Grand openings are usually, well, grand.
In line with these socially distanced times, however, the recent grand opening of Virginia Tech’s state-of-the-art Animal Cancer Care and Research Center in Roanoke was a decidedly modest affair.
Instead of a local dignitary cutting a ribbon or a popular politician delivering a rousing speech, the new clinical and research facility was inaugurated by an 11-pound domestic shorthaired cat named Kokomo, the first pet to set paw in the new center as a clinical patient.
Although Kokomo is surely more interested in batting around her favorite yellow banana toy than in cutting-edge medicine, her presence at the center, which is housed in the 139,000-square-foot addition to the Fralin Biomedical Research Institute at VTC, represented the culmination of more than six years of planning.
“This center will develop and deploy novel modalities for treating a variety of cancers. We are grateful for the outstanding faculty, staff, and partners of this center that fuel its far-reaching impact,” said M. Daniel Givens, dean of the Virginia-Maryland College of Veterinary Medicine at Virginia Tech. “This exciting new initiative creates the opportunity for advanced, integrated cancer treatment for dogs and cats in our region and transformative, translational research that will advance cancer treatment in pets and people alike.”

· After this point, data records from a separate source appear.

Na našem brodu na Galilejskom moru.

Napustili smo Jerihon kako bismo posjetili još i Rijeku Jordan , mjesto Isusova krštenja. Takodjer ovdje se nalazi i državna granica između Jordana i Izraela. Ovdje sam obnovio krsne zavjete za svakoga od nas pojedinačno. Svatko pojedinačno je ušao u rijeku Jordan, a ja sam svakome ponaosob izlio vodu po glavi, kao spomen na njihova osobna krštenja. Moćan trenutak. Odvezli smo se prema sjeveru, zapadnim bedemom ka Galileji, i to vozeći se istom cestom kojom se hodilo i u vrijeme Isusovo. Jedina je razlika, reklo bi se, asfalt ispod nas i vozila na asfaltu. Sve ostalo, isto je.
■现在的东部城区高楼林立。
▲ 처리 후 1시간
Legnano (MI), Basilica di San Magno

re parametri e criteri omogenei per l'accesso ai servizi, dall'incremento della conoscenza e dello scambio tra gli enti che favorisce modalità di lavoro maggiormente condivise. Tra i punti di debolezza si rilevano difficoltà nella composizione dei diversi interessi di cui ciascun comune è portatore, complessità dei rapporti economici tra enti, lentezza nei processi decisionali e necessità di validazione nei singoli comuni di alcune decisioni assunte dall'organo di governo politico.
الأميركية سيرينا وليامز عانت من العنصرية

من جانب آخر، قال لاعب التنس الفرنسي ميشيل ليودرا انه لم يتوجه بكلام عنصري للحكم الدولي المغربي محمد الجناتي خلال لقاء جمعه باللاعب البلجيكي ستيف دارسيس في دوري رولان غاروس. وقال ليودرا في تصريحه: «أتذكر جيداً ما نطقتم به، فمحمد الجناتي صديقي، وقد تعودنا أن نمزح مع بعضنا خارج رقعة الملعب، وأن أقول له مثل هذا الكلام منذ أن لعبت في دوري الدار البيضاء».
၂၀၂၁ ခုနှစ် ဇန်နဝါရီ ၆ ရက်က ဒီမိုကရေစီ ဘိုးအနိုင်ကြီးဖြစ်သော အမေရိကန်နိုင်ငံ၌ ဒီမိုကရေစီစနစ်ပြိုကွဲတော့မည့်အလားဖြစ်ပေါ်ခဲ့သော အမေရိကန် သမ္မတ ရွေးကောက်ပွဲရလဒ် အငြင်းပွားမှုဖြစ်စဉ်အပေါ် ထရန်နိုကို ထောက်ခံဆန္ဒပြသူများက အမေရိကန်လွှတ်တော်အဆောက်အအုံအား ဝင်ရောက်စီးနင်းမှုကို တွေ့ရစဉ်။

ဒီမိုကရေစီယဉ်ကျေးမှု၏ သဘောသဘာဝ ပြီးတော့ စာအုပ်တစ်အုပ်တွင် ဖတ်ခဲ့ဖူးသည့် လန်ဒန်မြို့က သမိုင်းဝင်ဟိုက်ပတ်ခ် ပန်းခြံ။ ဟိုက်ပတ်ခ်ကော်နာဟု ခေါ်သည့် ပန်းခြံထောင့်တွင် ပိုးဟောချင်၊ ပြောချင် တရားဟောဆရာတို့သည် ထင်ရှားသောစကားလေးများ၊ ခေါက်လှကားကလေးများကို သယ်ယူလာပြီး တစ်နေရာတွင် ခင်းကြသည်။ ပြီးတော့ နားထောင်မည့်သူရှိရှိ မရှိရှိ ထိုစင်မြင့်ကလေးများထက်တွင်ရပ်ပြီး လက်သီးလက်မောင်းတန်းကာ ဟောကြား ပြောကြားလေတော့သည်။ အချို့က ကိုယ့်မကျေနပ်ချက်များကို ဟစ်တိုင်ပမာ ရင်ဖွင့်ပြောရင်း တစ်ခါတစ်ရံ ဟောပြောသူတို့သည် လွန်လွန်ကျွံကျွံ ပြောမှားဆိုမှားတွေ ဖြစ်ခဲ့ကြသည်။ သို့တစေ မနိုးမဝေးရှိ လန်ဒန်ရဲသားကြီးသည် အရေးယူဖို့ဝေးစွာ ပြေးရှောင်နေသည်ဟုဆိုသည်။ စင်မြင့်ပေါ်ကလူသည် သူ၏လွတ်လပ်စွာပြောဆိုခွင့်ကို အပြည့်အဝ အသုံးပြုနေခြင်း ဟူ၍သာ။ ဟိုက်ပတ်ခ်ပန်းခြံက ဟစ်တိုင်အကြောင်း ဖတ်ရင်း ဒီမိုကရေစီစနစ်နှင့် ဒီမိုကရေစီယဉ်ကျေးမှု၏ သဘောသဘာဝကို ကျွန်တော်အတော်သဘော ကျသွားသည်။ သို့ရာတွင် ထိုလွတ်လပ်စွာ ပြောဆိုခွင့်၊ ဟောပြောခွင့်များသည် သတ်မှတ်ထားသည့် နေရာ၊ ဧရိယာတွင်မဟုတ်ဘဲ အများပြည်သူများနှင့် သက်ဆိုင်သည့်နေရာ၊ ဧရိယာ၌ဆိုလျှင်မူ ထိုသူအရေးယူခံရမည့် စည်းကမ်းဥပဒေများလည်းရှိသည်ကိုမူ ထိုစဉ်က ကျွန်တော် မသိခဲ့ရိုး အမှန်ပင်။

Accommodating the relocation and expansion of the oncology service from the Veterinary Teaching Hospital in Blacksburg, the new facility is a vital part of the Virginia Tech Carilion (VTC) Health Sciences and Technology Campus, adjacent to the Virginia Tech Carilion School of Medicine, and integrates human and veterinary biomedical researchers. The center’s faculty clinicians offer comprehensive, integrated services, including medical, surgical, and radiation oncology, and frontline cancer diagnostics and treatment for dogs and cats.

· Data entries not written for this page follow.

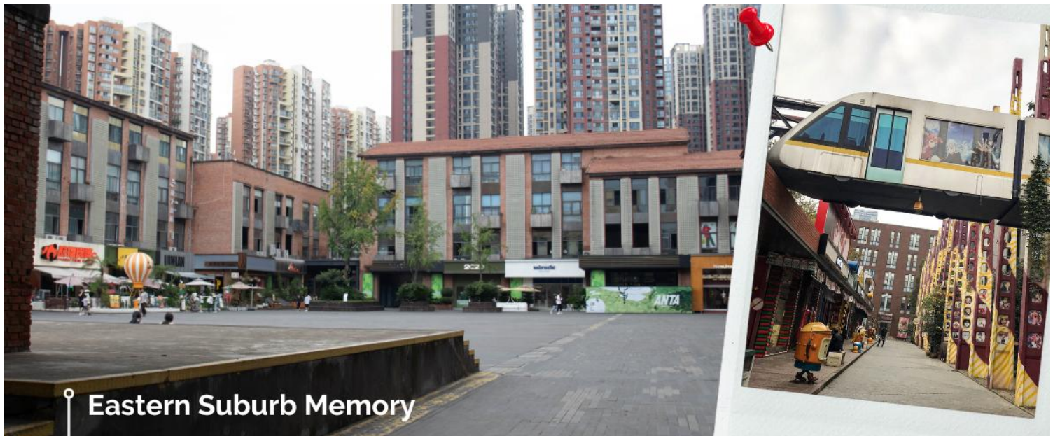
Eastern Suburb Memory

จากนั้นนำท่านเดินทางไปยัง Eastern Suburb Memory หรือ “ความทรงจำของเขตตะวันออก” เป็นหนึ่งในสถานที่ท่องเที่ยวที่โดดเด่นในเฉิงตู ซึ่งได้รับการพัฒนาใหม่จากโรงงานอุตสาหกรรมเก่าให้กลายเป็นศูนย์กลางแห่งการสร้างสรรค์และศิลปะ ที่นี่รวบรวมความเป็นมาทางประวัติศาสตร์และศิลปะสมัยใหม่เอาไว้ด้วยกันอย่างลงตัว จนกลายเป็นพื้นที่ที่เต็มไปด้วยบรรยากาศร่วมสมัยและเสน่ห์ของวัฒนธรรมที่ผสมผสานกันระหว่างอดีตและปัจจุบัน สิ่งที่น่าสนใจภายใน Eastern Suburb Memory คือ ศิลปะร่วมสมัยและนิทรรศการ ,โรงละครกลางแจ้งและคอนเสิร์ต,ร้านกาแฟและร้านอาหารที่มีสไตล์ ,การช้อปปิ้งในร้านค้าสินค้าศิลปะและของที่ระลึก
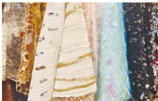
纺城柯桥正用实际行动写下如何发展新质生产力的精彩答卷。
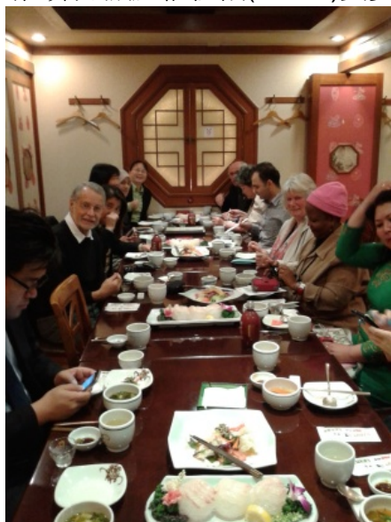
圖 2.3 各國領隊晚宴

本日並協助發明協會蘇理事長代表台灣團參加各國領隊晚宴，與主辦單位、聯合國世界知識產權組織(WIPO)貴賓、各國領隊代表進行交流。
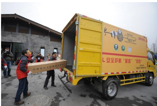
100 kg bederfbare goederen worden op 21 februari 2014 opgehaald in Chengdu, China
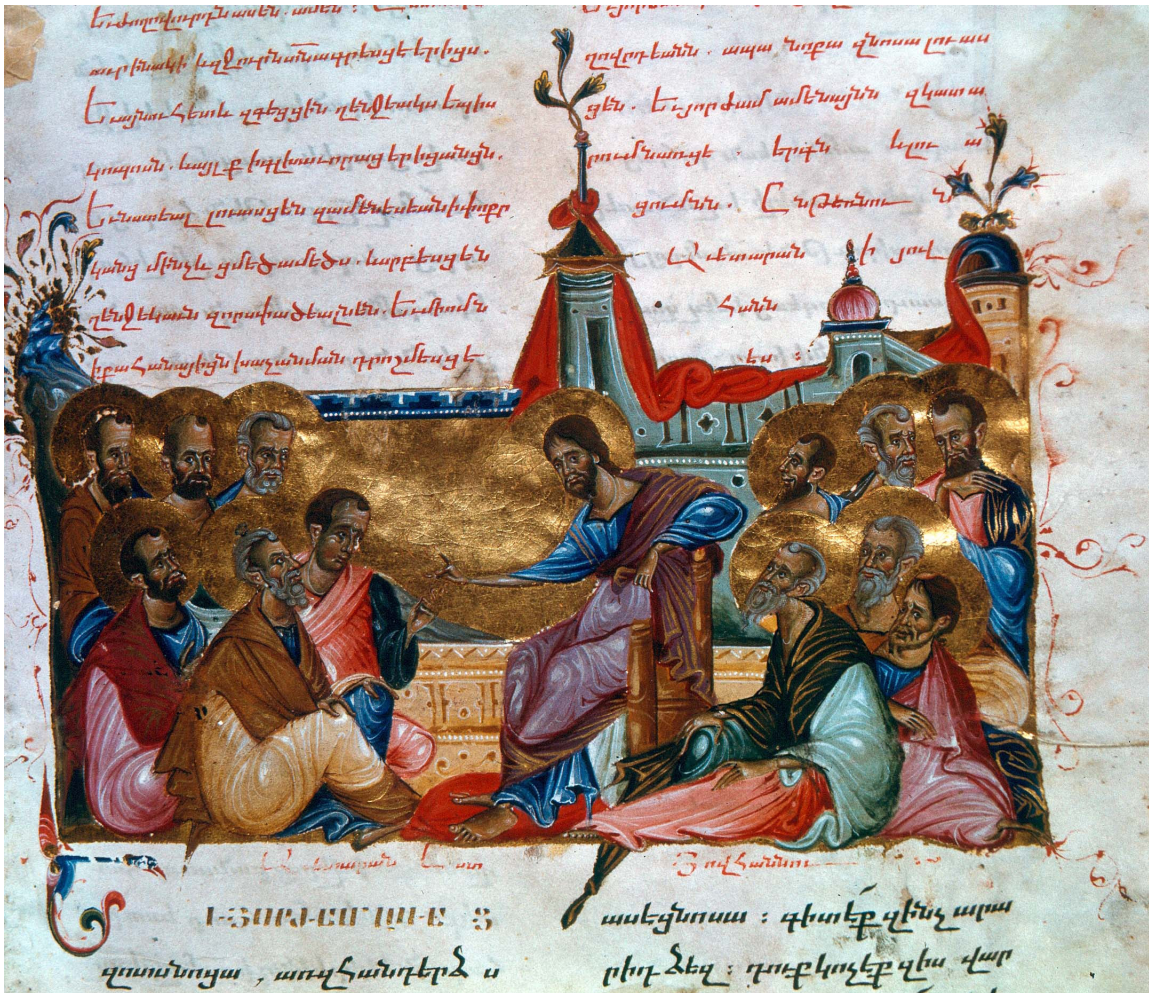
Յիսուս կը քարոզէ Առաքեալներուն
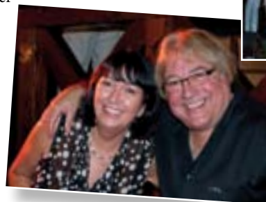
"Duo Kleinmann" aus Herrlisheim (Elsass)

11.00 Uhr - 22.00 Uhr Musikunterhaltung mit dem Orchester
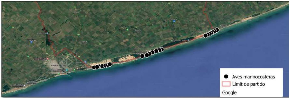
Fig. 6. Distribución de muestras de aves marino-costeras colectadas durante la campaña de invierno en el sector costero del partido de Lobería.

Para relevar la información necesaria, se administró anestesia inhalatoria (isoflurano) a cada individuo capturado de manera de minimizar el estrés durante su manipulación. Los individuos recuperaron su estado de alerta aproximadamente 3 minutos después de suspender la anestesia inhalatoria. Mientras estaban anestesiados, se determinó su especie, sexo, clase de edad, peso y se tomaron medidas morfométricas de longitud del cuerpo, cola, pata y oreja. También se tomaron fotografías dorsales y laterales de cada individuo. Además, se marcó cada individuo con una pequeña marca de pintura en la oreja para evitar duplicar el registro en caso de que fueran recapturados en los días siguientes.
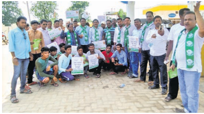
ଶନିବାର ମାଲକାନଗିରି ଓ କାଲିମେଳାରେ ଅନୁଷ୍ଠିତ ହୋଇଥିବା ବିଜେଡିର ବିରୋଧ କାର୍ଯ୍ୟକ୍ରମ ।
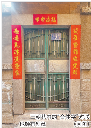
三朝巷内的“合体字”对联也颇有创意(网图)
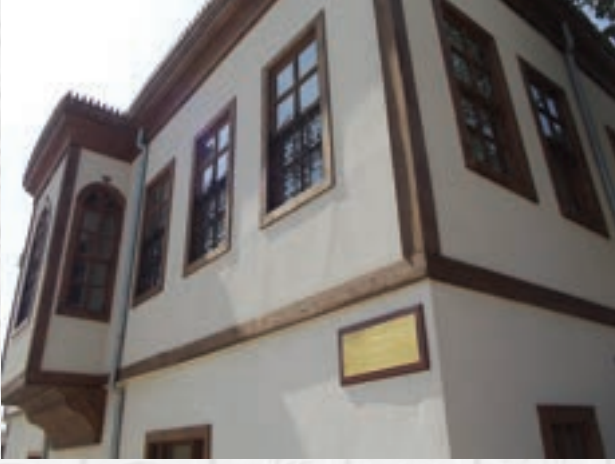
Rahmi Pehlivanlı Konağı ve Tarihi Keskin Evleri 1,2 Km

Tarihi dokusu ve güzellikleriyle; Tarihi Keskin Evleri, Rahmi Pehlivanlı Konağı, Taş Mektep, Kibritthane, Fişekhane, Karıstıran Mevkii ve Tarihi Ermeni Kilisesi, Şeşnigir Köprüsü, Ceritkale Kaya Mezarları bölgede görülmesi gereken yerlerden bazıları.
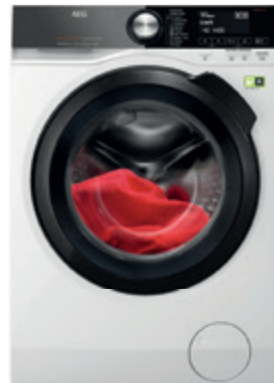
L9FBB49B előtöltős gőzfunkciós, Wi-Fi-s mosógép AEG márkabolt

Kokomo was referred to the center to explore treatment options for a bladder tumor called transitional cell carcinoma. “When Kokomo was diagnosed in October of last year [at a clinic in Arizona], they told us she would likely only live until spring,” said owner Peter Haberkorn, who, along with his husband Aaron Betsky, adopted Kokomo 11 years ago. “She’s already exceeded expectations, so we felt like we had to give her a fighting chance.”

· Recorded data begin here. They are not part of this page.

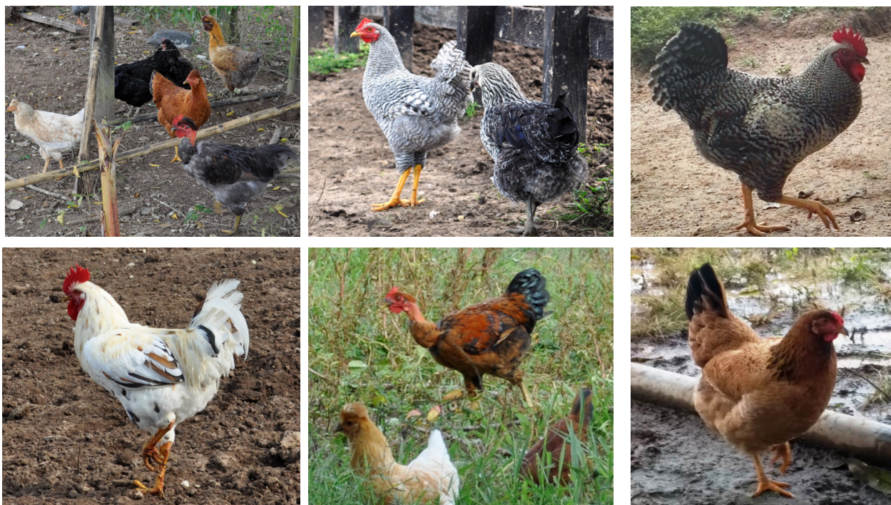
Figura 2. Biotipos criollos de Gallus gallus domesticus (Phasianidae), Subregión sabana, departamento de Sucre Colombia.
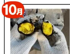
やきいも ハロウィンサロン
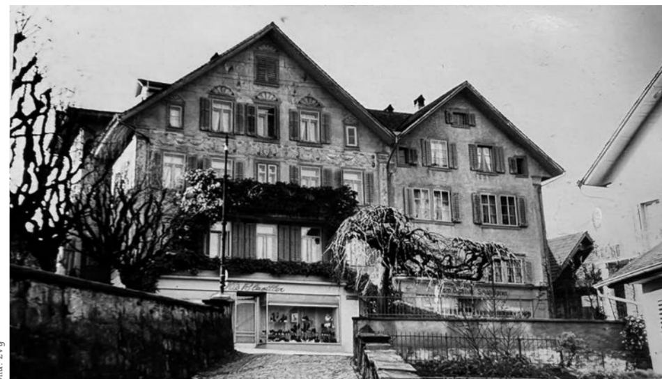
Das Schuhgeschäft Blaettler befand sich bis 1983 eingangs der Nägeligasse.
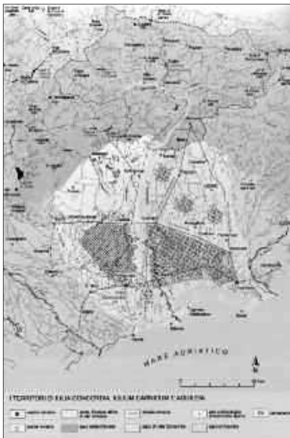
Fig. 6. Carta dei territori di Iulia Concordia , Iulium Carnicum e Aquileia (da Tagliamento 2006, p. 303).

grante della successiva centuriazione concordiese, per la quale sembra aver avuto la funzione di asse di riferimento, ed anche in quanto percorso condotto tra risorgive e magredi, tra centuriazione e area esclusa dalla pianificazione, a costituire una sorta di cerniera tra due forme di economie, quella agricola e quella pastorale. Da questo punto di vista, credo che uno studio complessivo della viabilità e degli insediamenti nella media e alta pianura friulana potrebbe apportare elementi molto interessanti per una ridefinizione dell'utilizzo delle risorse del terri-
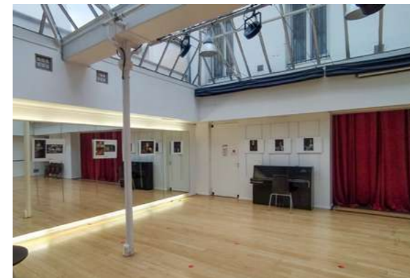
ATELIERS ÉTUDIANT.E.S AU CROUS Le Crous de Paris, 2020

Patients like Kokomo and their owners aren’t the only beneficiaries of the oncology clinicians’ expertise and advanced care. The center’s unique co-location alongside human-focused clinicians and researchers embodies a true One Health approach that recognizes the dynamic interdependence of animal, human, and environmental health. Because companion animals often develop the same or similar cancers as humans, therapies developed by researchers can help human patients and serve as new treatments for pets.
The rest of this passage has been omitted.